Monocyte oxidative burst (MOB) and bacterial killing is impaired in patients with severe alcoholic hepatitis (SAH). (A) The production of reactive oxygen species (ROS) at rest was similar between SAH and healthy control (HC) monocytes; (B) MOB in response to Escherichia coli is impaired in SAH compared with HC and CLD; (C) impaired MOB is also seen in cirrhotic patients who were actively drinking at the time of sampling compared with abstinent cirrhotic patients; (D) impaired MOB corresponded to a reduction in the production of superoxide radicals in response to E. coli from SAH monocytes; (E) killing of phagocytosed bacteria is reduced in SAH compared with HC monocytes; (F) far more E. coli were enumerated from the lysate (intracellular fraction) of SAH monocytes compared with the respective supernatant (extracellular fraction).

Figure 3

Impaired monocyte oxidative burst (MOB) predicts the subsequent development of infection within 2 weeks. (A) Prior prescription of intravenous antibiotics did not affect severe alcoholic hepatitis (SAH) MOB; (B) patients with SAH who developed infection within 2 weeks of sampling had a lower pretreatment MOB compared with patients who did not develop infection; (C) patients who developed infection within 90 days of sampling had a lower pretreatment MOB than patients who did not develop infection.

Figure 4

Monocyte oxidative burst (MOB) <50th centile (MOB defect) can identify patients likely to develop infection more accurately than conventional clinical markers of infection. (A) Cut-off values at the 50th and 25th centiles of severe alcoholic hepatitis (SAH) MOB and their association with the development of infection within the subsequent 2 weeks; (B) OR of MOB <50th centile (MOB defect) for predicting infection within 2 weeks; (C) receiver operating characteristic curve (ROC) curve for MOB and the development of infection within the subsequent 2 weeks; area under ROC (AUROC) is 0.86 (p<0.0001).
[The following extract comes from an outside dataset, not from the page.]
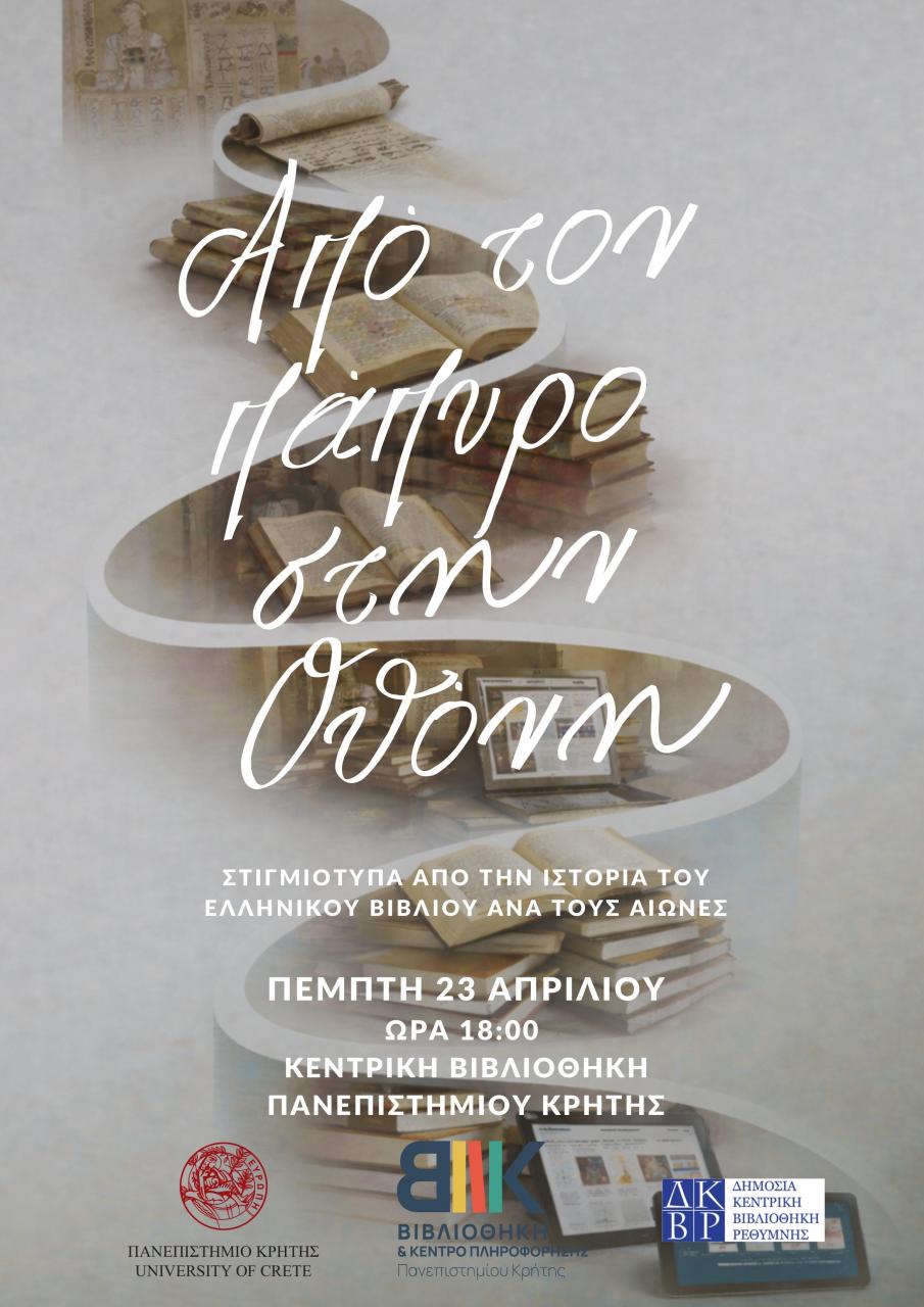 Εσπερίδα με θέμα: «Από τον πάπυρο στην οθόνη: στιγμιότυπα από την ιστορία του ελληνικού βιβλίου ανά τους αιώνες»

For comparison, the ROC curves for C-reactive protein (CRP), white cell count (WCC) and procalcitonin in predicting the subsequent development of infection are included (AUROC 0.73, 0.75 and 0.72; p=0.019, 0.007 and 0.02, respectively).

Figure 5

Patients with severe alcoholic hepatitis (SAH) with monocyte oxidative burst (MOB) defect are more susceptible to catalase-positive organisms: (A) organisms grown by culture from patients with SAH recruited to the study; (B) catalase status of organisms grown; (C) susceptibility of patients with SAH with MOB defect to catalase-positive organisms compared with patients with SAH without MOB defect.

Figure 6

Ex vivo monocyte oxidative burst (MOB) is not affected by patient therapy with prednisolone. (A). Evolution of MOB between days 0 and 7 without prednisolone therapy; (B) evolution of MOB between days 0 and 7 with prednisolone therapy.

Figure 7

Reduced nicotinamide adenine dinucleotide phosphate (NADPH) oxidase is associated with monocyte oxidative burst (MOB) defect and aberrant Janus Kinase (JAK)-signal transducer and activator of transcription (STAT) signalling with resistance to exogenous interferon (IFN)-γ. (A) Patients with severe alcoholic hepatitis (SAH) with MOB defect (SAH+MOB) have diminished levels of the gp91^phox subunit of the NADPH oxidase complex compared with patients with SAH without MOB defect (SAH-MOB); (B) reduced gene expression of gp91^phox after IFN-γ stimulation in SAH+MOB, but not SAH-MOB, monocytes; (C) reduced gene expression of STAT-1 after IFN-γ stimulation in all SAH monocytes; (D) resting levels of phosphorylated STAT-1 are reduced in all SAH monocytes with or without MOB defect; (E) impaired activation of STAT-1 in response to IFN-γ in all SAH monocytes; (F) suppressor of cytokine signalling-1 (SOCS-1) protein is present at high levels in all SAH monocytes compared with healthy control (HC); (G) exogenous IFN-γ stimulation does not improve MOB in vitro.